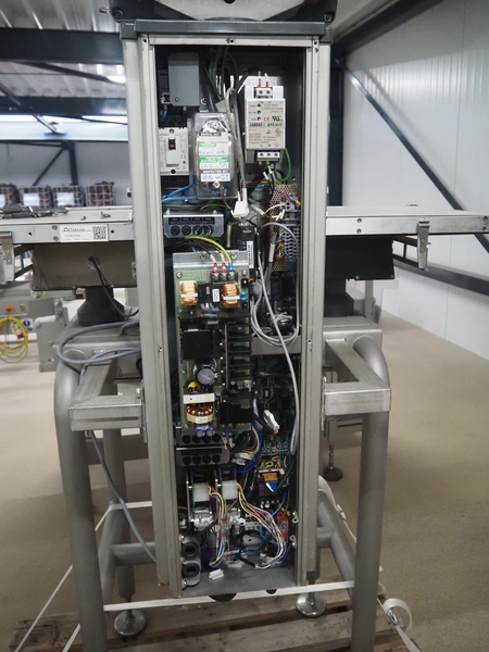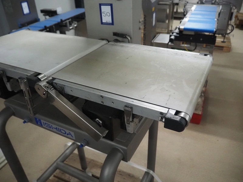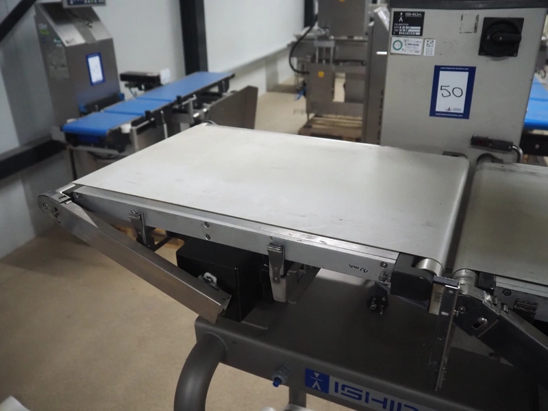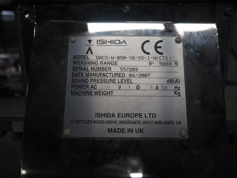 Ishida checkweigher , model: DACS-W-050-SB/SS-I-N(CTS), serial number: 557289, year of construction: 06/2007, 230 V, 1 Ph, 50 Hz, 3 A, maximum weighing range: 5000 gram, plastic belt, belt width: 370 mm, total dimensions: 1100 mm x 800 mm x 1800 mm.
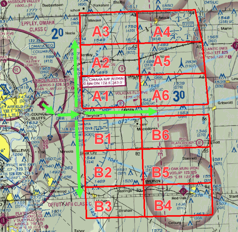 The ingress and egress routes are along Highway 92. Outbound to the practice area from KCBF at 3000’ eastbound after contacting departure. Returning to KCBF from the practice area, 2000’ westbound along Highway 92. The sectors that are north and south of Treynor will be accessed by 300th street. 300th street runs north and south from Treynor. Once the planes reach Treynor along Highway 92, they will turn either north or south to access the area they will be working in. The areas out by Carson will be accessed by continued flight along Highway 92 to Highway 59. Then proceed north or south into those areas. Returning to KCBF will be the same routes except in reverse and 2000’.
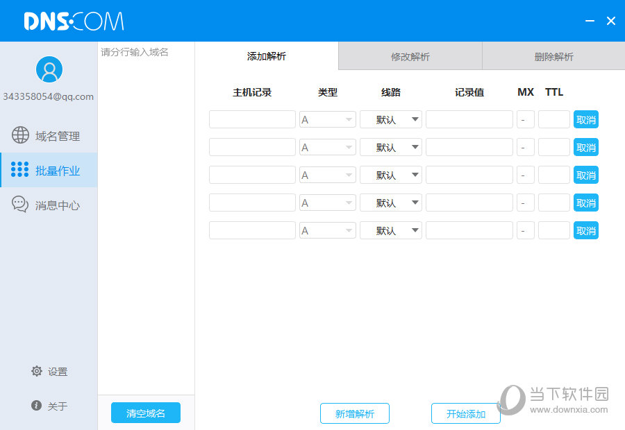 DNS域名解析软件是DNS、COM开发的一款免费的、实时在线的DNS管理工具。DNS域名解析软件完美支持批量添加域名、批量添加修改域名解析、域名批量分组管理等功能!DNS.COM是国内唯一一家上市的DNS智能云解析服务商。

------------------------------------------------

[WHAT THE TASK ASKS]
An exact repeat of the listing above, pictures excluded, is the answer.

[EXERCISE ANSWER]
 Ishida checkweigher , model: DACS-W-050-SB/SS-I-N(CTS), serial number: 557289, year of construction: 06/2007, 230 V, 1 Ph, 50 Hz, 3 A, maximum weighing range: 5000 gram, plastic belt, belt width: 370 mm, total dimensions: 1100 mm x 800 mm x 1800 mm.
 The ingress and egress routes are along Highway 92. Outbound to the practice area from KCBF at 3000’ eastbound after contacting departure. Returning to KCBF from the practice area, 2000’ westbound along Highway 92. The sectors that are north and south of Treynor will be accessed by 300th street. 300th street runs north and south from Treynor. Once the planes reach Treynor along Highway 92, they will turn either north or south to access the area they will be working in. The areas out by Carson will be accessed by continued flight along Highway 92 to Highway 59. Then proceed north or south into those areas. Returning to KCBF will be the same routes except in reverse and 2000’.
 DNS域名解析软件是DNS、COM开发的一款免费的、实时在线的DNS管理工具。DNS域名解析软件完美支持批量添加域名、批量添加修改域名解析、域名批量分组管理等功能!DNS.COM是国内唯一一家上市的DNS智能云解析服务商。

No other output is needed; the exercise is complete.